I started walking the dog. We wandered up and down the gravel road that wound up the mountain we lived on. I could make it about a quarter mile up the hill before I felt out of breath and tired and turned around. The dog would shoot me a pissed off glance, tug a bit on the leash and then turn back, defeated, and drag me back to the house. I started doing this every day. If I was 15 minutes late starting the daily walk I was reminded by an impatient, whimpering dog with it's leash in it's mouth. Each day I went a bit further and soon I was ready for something bigger.

Luckily, I lived a few miles from the 530-mile Mountain to Sea Trail.  One day I put on my boots and loaded up the dog and set off for the visitor center loop trail. I had driven past it many times but never stopped. In a way I was too shy to go out on a trail and fail. I imagined myself slouched over on the side of the trail in a puddle of sweat, breathing heavily while all the sporty types had to jump over me as they jogged by. I hadn't felt ready before, but now I was. That first day I made it 1.5 miles and was very proud of myself. A week later I was making it around the entire 2.3 mile loop. I started timing my laps with a sports-tracker app. I started doing multiple laps and adjacent 6-7 mile sections of the MTS. I found a new appreciation for nature when it surrounded me. I felt more at peace and confident alone in the woods than I had ever felt in a crowd. The introspective places my mind went when I was alone changed along with me as I hiked. My thoughts while on the trail were focused and optimistic. I was challenged, happy and craving more. I was getting back to my normal self again, slowly. The dog was thrilled.

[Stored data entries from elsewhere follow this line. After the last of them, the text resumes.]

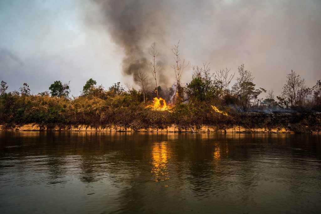 Voltamos o rio e já há novos focos que não estavam lá a cinco minutos. Os focos menores que deixamos atrás de nós estão gigantes. Miguel Ângelo me explica que tudo que está queimando é área de proteção ambiental. Eu fico sem entender, já que têm vários pontos de acampamento de pescadores pegando fogo com bancos para sentar, freezers e até cabanas de madeira para pernoitar.
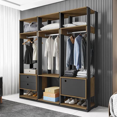 Conjunto com 3 Módulos Titan, sendo 1 Módulo c/ Porta e 1 Módulo c/ Gavetas – Preto Velluto/Freijó - Produto destinado por sua versatilidade a qualquer ambiente e espaço de sua casa. Pode ser utilizado de várias formas, Roupeiro (Closet), Livreiro, Multiuso. Sendo o produto somente de prateleiras. Prateleiras e Gavetas ou Prateleiras e Porta. Estrutura de 15mm. Acabamento da Gaveta: Pintura Texturizada UV Acabamento da Porta: Pintura Texturizada UV Acabamento da Prateleira: Pintura Texturizada UV Acabamento dos Pés: Pintura Altura dos Pés: 0.5 Ambiente Principal: Quarto Complexidade da Montagem: Alta: deve ser montado por um montador especializado Composição: MDP Cor: Preto Velluto/Freijó Cor do Produto: Preto Velluto/Freijó Cor Interna: Preto Escala de Brilho: Semi-Fosco Espessura do Material da Estrutura: 15 Gaveta com Chave: Não Informações Complementares: Suporta até 3kg por Prateleira. Itens Inclusos: 3 Módulos Titan, Kit Ferragens e Manual de Montagem Linha ou Coleção: Titan Manual de Especificação Técnica: https://cdn2.madeiramadeira.com.br/atributo/moveis-leao/998876-manual-de-montagem-conjunto-modulo-titan-porta.pdf Manual de Montagem e Instalação: https://cdn2.madeiramadeira.com.br/atributo/moveis-leao/998875-manual-de-montagem-conjunto-modulo-titan-porta.pdf Material da Gaveta: MDP Material da Porta: MDP Material da Prateleira: MDP Material dos Pés: PVC Material Principal: MDP Módulo Individual: Sim Necessita Montagem: Sim O Módulo Pode ser utilizado individualmente: Não Origem do Produto: Nacional Pés Reguláveis: Não Peso: 65.5 Peso Máximo por Gaveta: 2 Peso Máximo por Prateleira: 3 Possui Cabideiros: 03 Possui Calceiros: Não Possui Espelho: Não Possui Possui Pés: 12 Possui Portas: 01 Possui Prateleiras: 06 Possui Rodízio: Não Recomendações de Uso, Manutenção e Limpeza: Limpeza apenas com um pano úmido. Não utilizar produtos químicos ou abrasivos. Sapatas Niveladoras: Não Sistema de Montagem: https://cdn2.madeiramadeira.com.br/atributo/moveis-leao/998876-manual-de-montagem-conjunto-modulo-titan-porta.pdf Suporta Até (kg): 3 kg Tipo de Corrediça da Gaveta: Metálica Telescópica Tipo de Dobradiça/Corrediça da Porta: Metálica Tipo de Módulo: Closet Tipo de Puxador da Gaveta: Embutido Tipo de Puxador da Porta: Interno Ean: 7909903317778
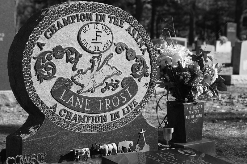If you happen to be a rodeo fan, the famous Lane Frost is also buried at Mount Olivet under a large rodeo buckle shaped marker. His mentor Freckles Brown is directly adjacent to him under a slightly less gaudy albeit equally sizeable stone.
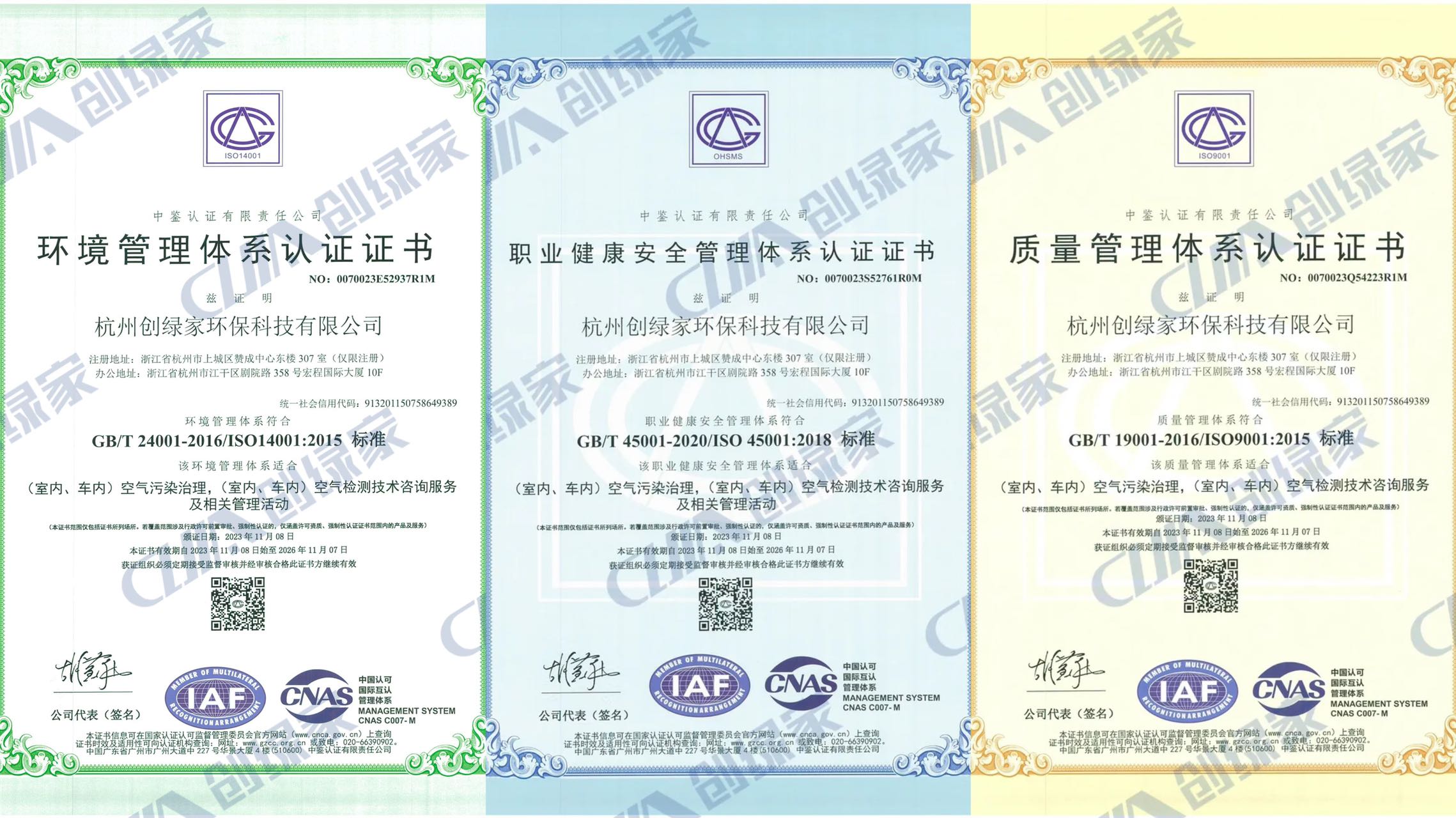 创绿家环境管理体系,质量管理体系,职业健康管理体系,三证齐全!这也是一家正规环保公司最基础的体系认证要求,各位业主注意辨别。

I used the momentum of that wave of confidence to make some changes in my life. I left North Carolina and went back to GA where I started hiking every day, sometimes at Sweetwater Creek State Park and other days at Blanket's Creek where my dad would mountain bike past me as I hiked. I walked every trail I could find. If I ran out of trail I created my own. As you can see from my tracker map, I walked in plenty of circles...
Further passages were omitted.